··· GIVEN DATA ···
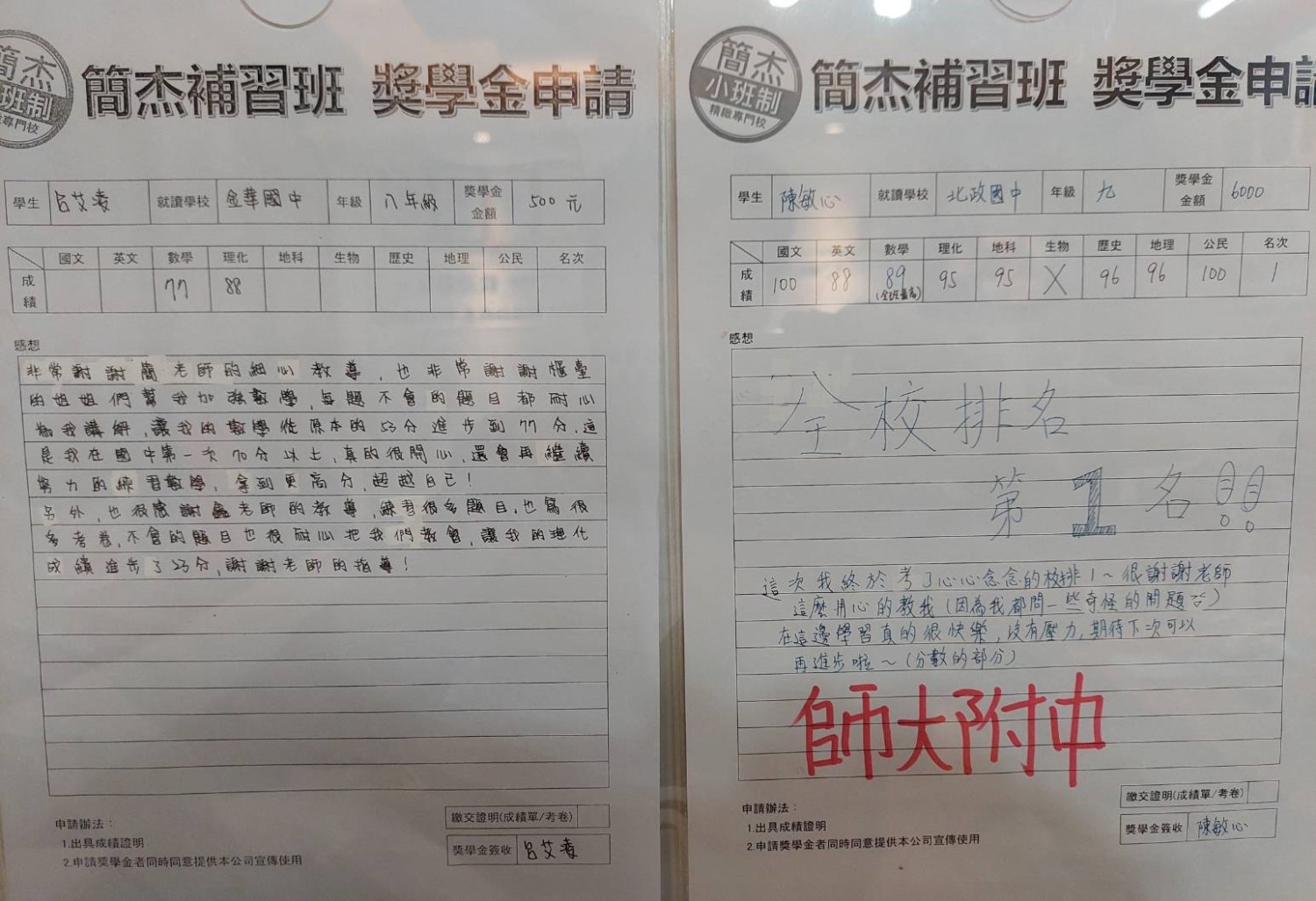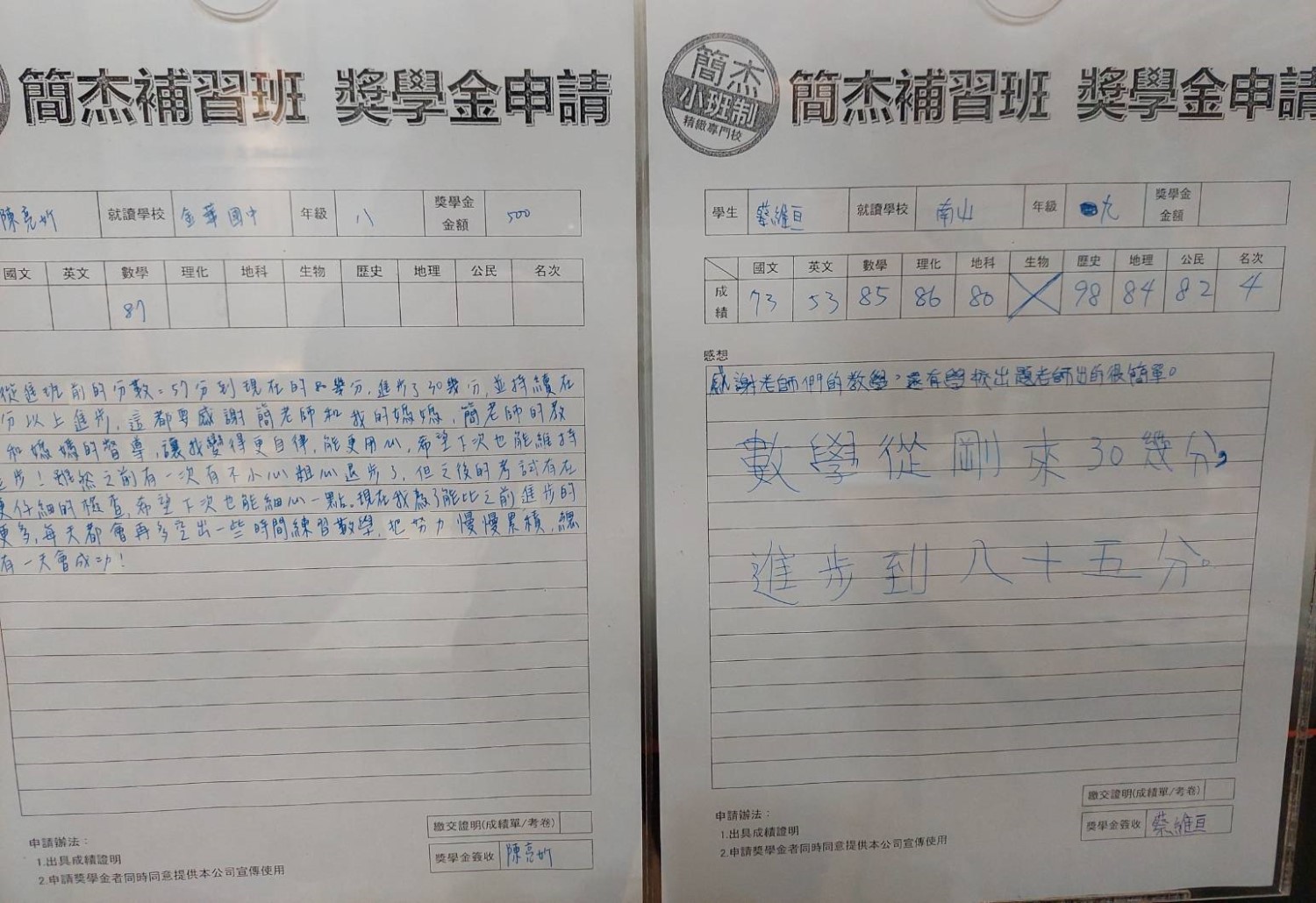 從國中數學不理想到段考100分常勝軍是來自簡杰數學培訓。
···
··· GIVEN DATA ···
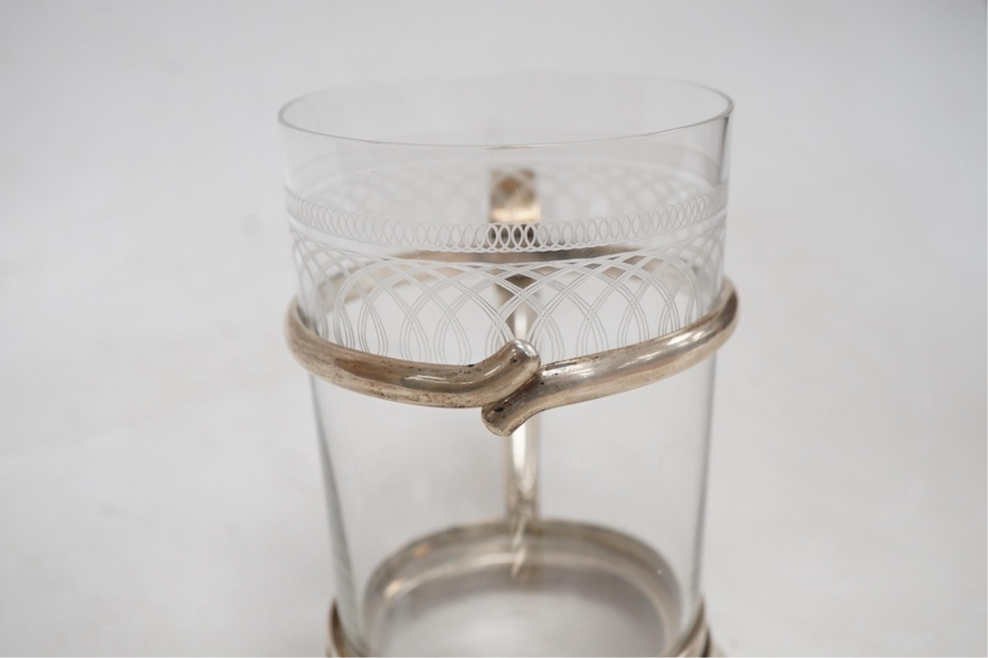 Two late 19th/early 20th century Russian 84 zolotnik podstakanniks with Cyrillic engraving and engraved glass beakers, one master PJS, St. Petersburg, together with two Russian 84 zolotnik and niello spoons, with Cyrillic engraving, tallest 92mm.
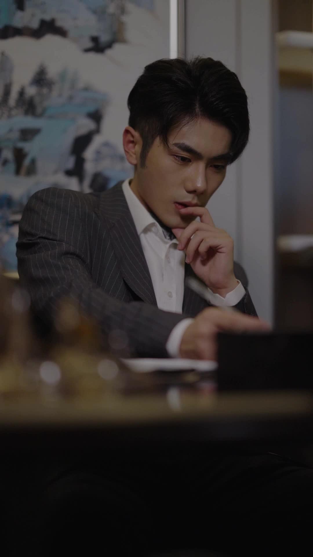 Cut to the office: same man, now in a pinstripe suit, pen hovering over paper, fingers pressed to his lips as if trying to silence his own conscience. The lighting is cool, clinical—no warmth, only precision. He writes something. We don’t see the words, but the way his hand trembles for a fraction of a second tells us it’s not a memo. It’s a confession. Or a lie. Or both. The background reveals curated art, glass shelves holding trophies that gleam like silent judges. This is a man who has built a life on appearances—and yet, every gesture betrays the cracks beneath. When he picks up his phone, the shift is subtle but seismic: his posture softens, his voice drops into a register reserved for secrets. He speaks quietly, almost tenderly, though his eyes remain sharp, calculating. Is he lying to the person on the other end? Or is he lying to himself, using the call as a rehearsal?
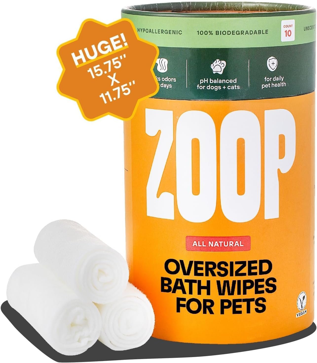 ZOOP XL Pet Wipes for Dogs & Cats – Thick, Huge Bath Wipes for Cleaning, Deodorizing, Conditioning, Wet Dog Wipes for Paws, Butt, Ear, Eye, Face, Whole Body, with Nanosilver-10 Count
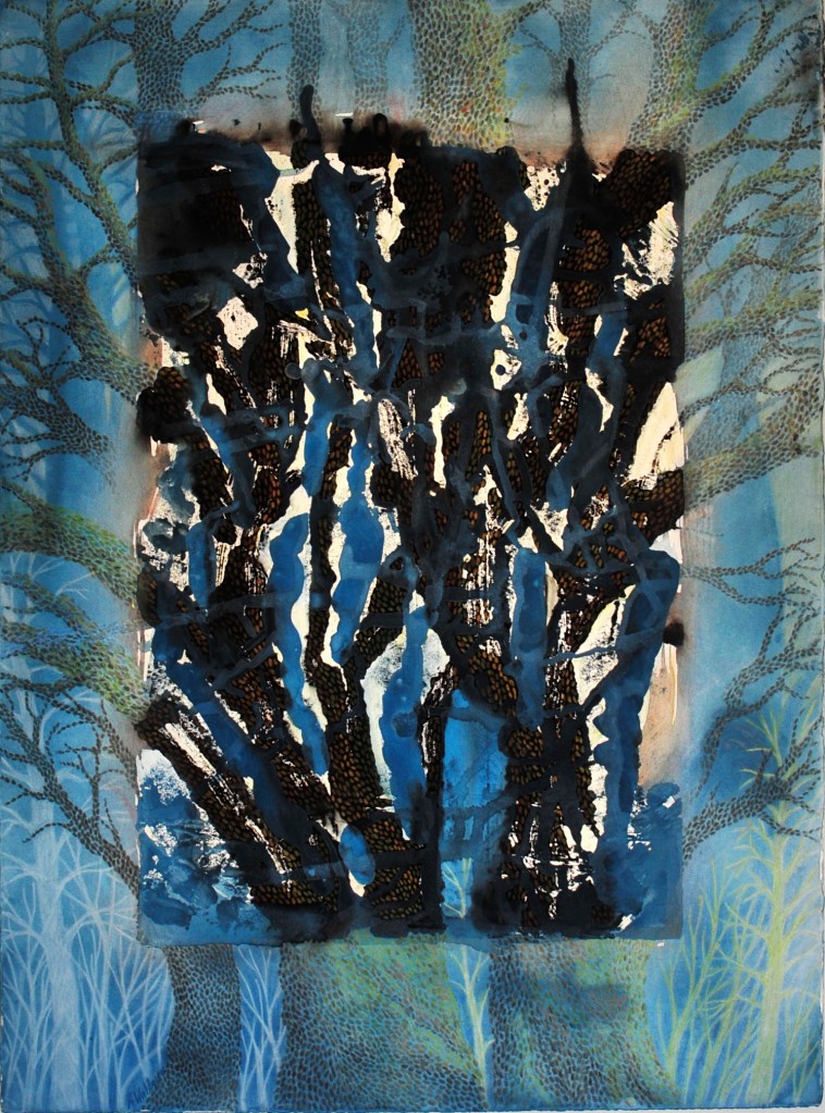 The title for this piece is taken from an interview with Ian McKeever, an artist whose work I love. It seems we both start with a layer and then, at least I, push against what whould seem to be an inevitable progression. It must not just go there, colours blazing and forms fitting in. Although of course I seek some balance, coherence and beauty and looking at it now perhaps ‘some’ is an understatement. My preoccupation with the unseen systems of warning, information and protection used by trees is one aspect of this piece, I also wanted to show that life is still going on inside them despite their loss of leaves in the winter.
···
- [HOW TO COMPLETE THIS TASK]: The lines to set down run from the line with "ZOOP XL Pet" up to and including the line with "The title for" in the entries above. Reproduce them exactly, with no pictures.

- [TASK ANSWER]:
 ZOOP XL Pet Wipes for Dogs & Cats – Thick, Huge Bath Wipes for Cleaning, Deodorizing, Conditioning, Wet Dog Wipes for Paws, Butt, Ear, Eye, Face, Whole Body, with Nanosilver-10 Count
 The title for this piece is taken from an interview with Ian McKeever, an artist whose work I love. It seems we both start with a layer and then, at least I, push against what whould seem to be an inevitable progression. It must not just go there, colours blazing and forms fitting in. Although of course I seek some balance, coherence and beauty and looking at it now perhaps ‘some’ is an understatement. My preoccupation with the unseen systems of warning, information and protection used by trees is one aspect of this piece, I also wanted to show that life is still going on inside them despite their loss of leaves in the winter.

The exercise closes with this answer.